As I’d sat down at the grand dining table in their apartment at Kensington Palace, Bennett still didn’t recognize me.

It was the first time I’d been invited over for dinner with the whole family, and it was surreal finally sitting across from the man who had ruined my father’s life. His soon-to-be wife sat next to him, looking adoringly into his eyes as he told some bloody story.

Nora listens on with interest, and they both laugh when he gets to the punchline. I follow suit, not having heard a word over the blood whooshing in my ears. I’d spent the entire past twelve hours staring at the ceiling of my bedroom, wondering what the fallout would be after tonight’s dinner.

Where would the pieces land? Would he finally be as miserable as me? Would Nora look at me like I was a monster?

Three delicious courses had already been served, and we were waiting for dessert to make its way out from the kitchen. The candles, dozens of them lining the table and surfaces around the room, twinkled off of the mirrored dining room walls.

I place my napkin down and survey the table, finally ready to break Bennett McAlister. My conscience struggles, tearing in two. On one side, my vendetta against her stepfather keeps me grounded. But on the other, Nora’s small, warm hand is placed on my leg under the table. Her fingers flirt innocently with the fabric of my pants; I don’t even think she’s aware that her thumb is stroking back and forth.

In my kamikaze mission to take them all down, I didn’t realize I’d actually fall for her. For this firecracker genius of an American, with her blunt ways and innocent assumptions of the world. Last night had been our final happy moment together, not that she had realized it. She’d thought it had brought us closer together, that I was a permanent object in her life that she would always be able to count on.

That was all about to come crashing down.

“You don’t recognize me, do you?” I stare at Bennett, my nerves cooler than ice water.

He laughs a little, and Nora squeezes my leg. “Only so much as I’ve seen you around my house, mate.”

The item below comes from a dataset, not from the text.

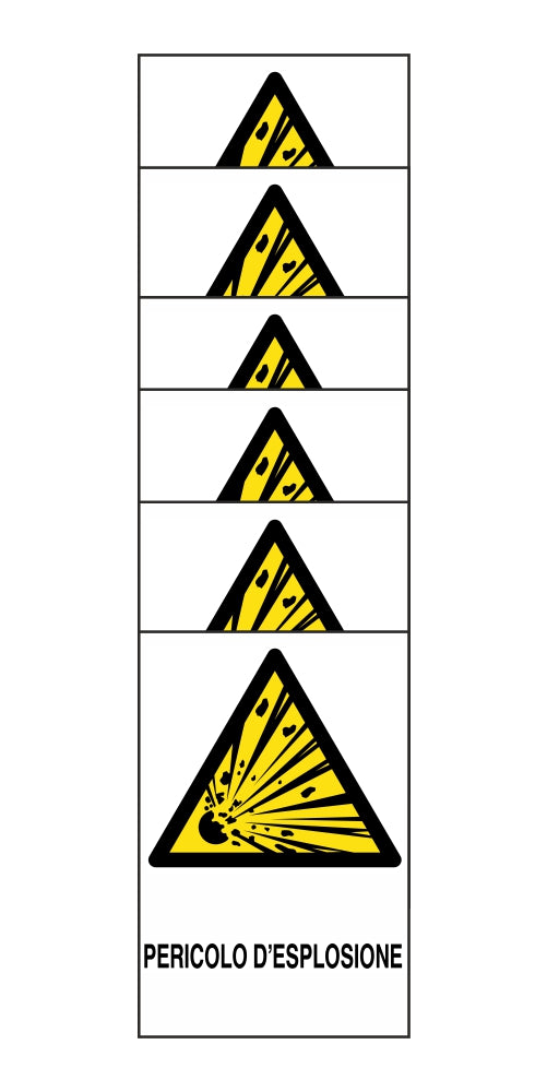 KIT DI 6 ADESIVI RETTANGOLARI - pericolo esplosione - Pittogramma ISO 7010 Con Stampa Diretta U.V. (IDEALE ANCHE PER ESTERNO)
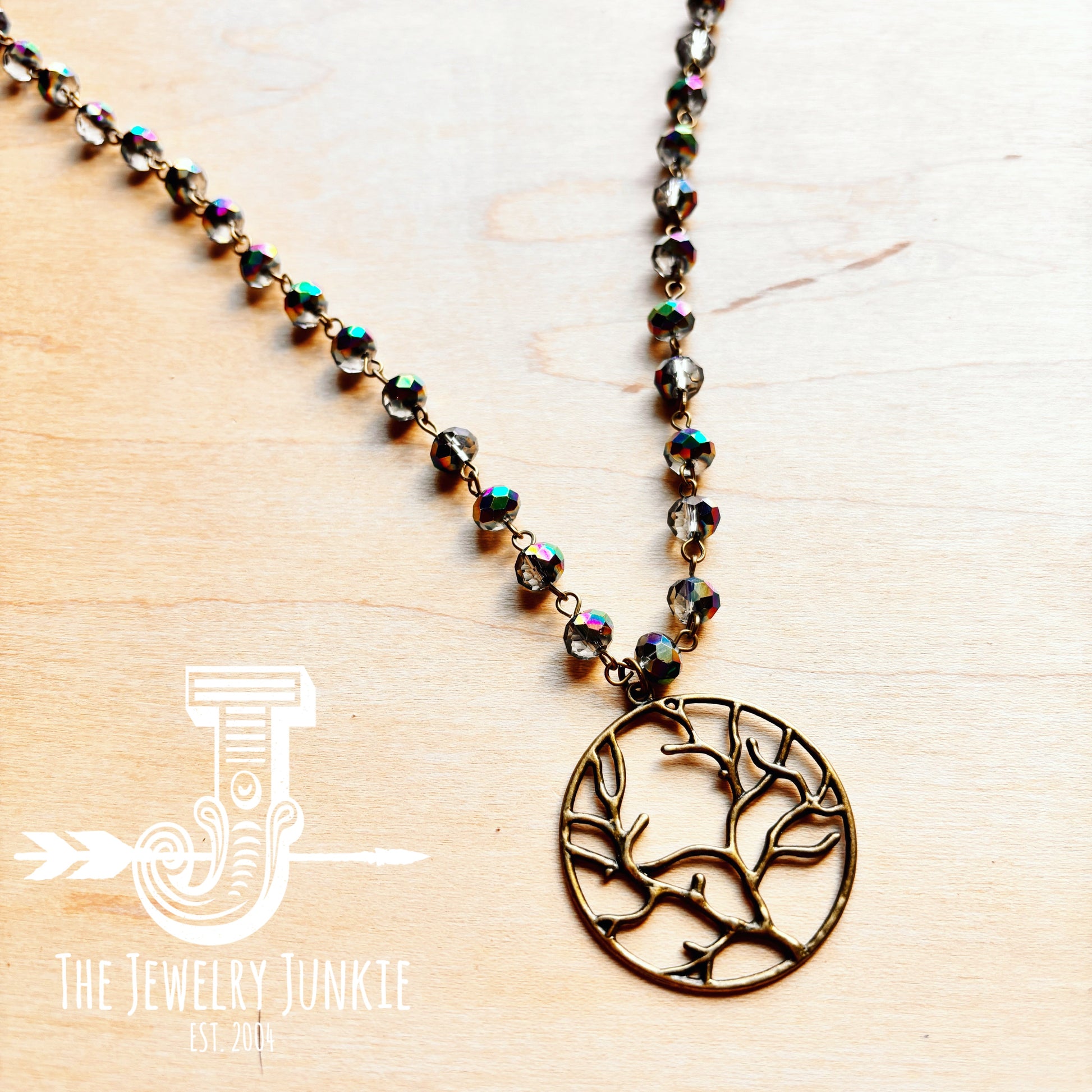 Indigo Faceted Beaded Necklace w/ Tree of Life 257k

I don’t smile. “I don’t look like anyone to you, maybe someone you knew in your past. Take a hard look.”

His eyes roam over my face, not catching anything that he sees familiar. “I’m confused …”

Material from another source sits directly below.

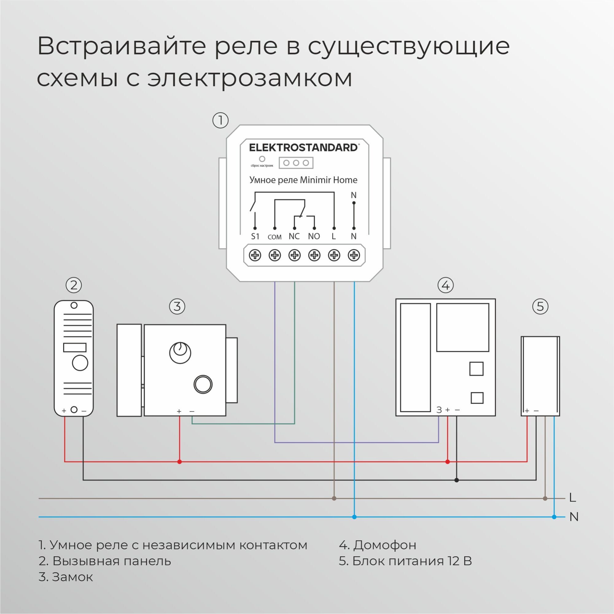 Реле Умный дом с независимым контактом Elektrostandard предназначено для дистанционного управления освещением и электроприборами. Независимый контакт позволяет коммутировать любой вид нагрузки, что дает возможность подключать его как к устройствам с напряжением 220 В, так и к низковольтным механизмам, например, к электрозамкам. Может использоваться для управления уличным освещением, электрическими котлами отопления, откатными воротами, насосами для септиков, шлагбаумами, электрозамками и перекрестными схемами управления.
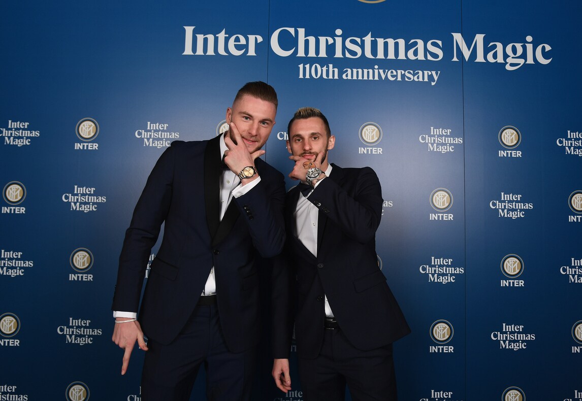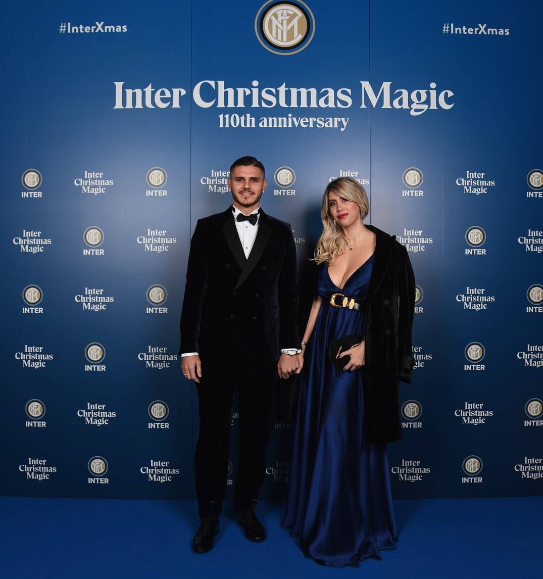 Sorrisi e pose ironiche alla classica cena natalizia del club nerazzurro: protagonista assoluta la moglie del capitano Icardi

“Asher, what is this about?” Nora’s voice is friendly but nervous.

“I thought you would have seen her in me somewhere. You do remember Jane, don’t you?”

Her name seems to spark him, and I see the color drain from his features. White hot vengeance circles in my stomach, and my heart is singing with evil glee.

“I’m sorry … I’m not sure what you’re talking about.” Bennett’s eyes are shifty as the two women watch the exchange.

His denial kicks me in the gut. “You’re a swine, a privileged pretty boy who took what he wanted and threw it away when he’d used it up!”

Nora’s face wears an expression of sheer confusion and raw upset. “Asher … what are you even talking about!?”

I take a deep breath, trying to collect my thoughts. “Ten years ago, your stepfather was the reason that my mother died. He’d started an affair with a married woman, one who loved him so dearly that she nearly abandoned her infant son and husband to carry on the tryst. You kept her dangling.” I turn to the accused now, my words molten lava. “Bringing her close, making her promises, and then cutting her off because you knew the bloody royals would turn on you if they ever knew what you’d been doing. You ruined her, turned her into a desperate, shell of a person. That night you called for her to come, she drank too much, and threatened you. Didn’t she?! She wanted to expose your relationship, to run away with you. I know all the details, I’ve obsessed over my mother’s murder for ten years. You told her to get out, that you were ending things and you’d deny it all if she went to the press. You basically put the keys in her hand, made her drive into the pitch black night while she was legless.”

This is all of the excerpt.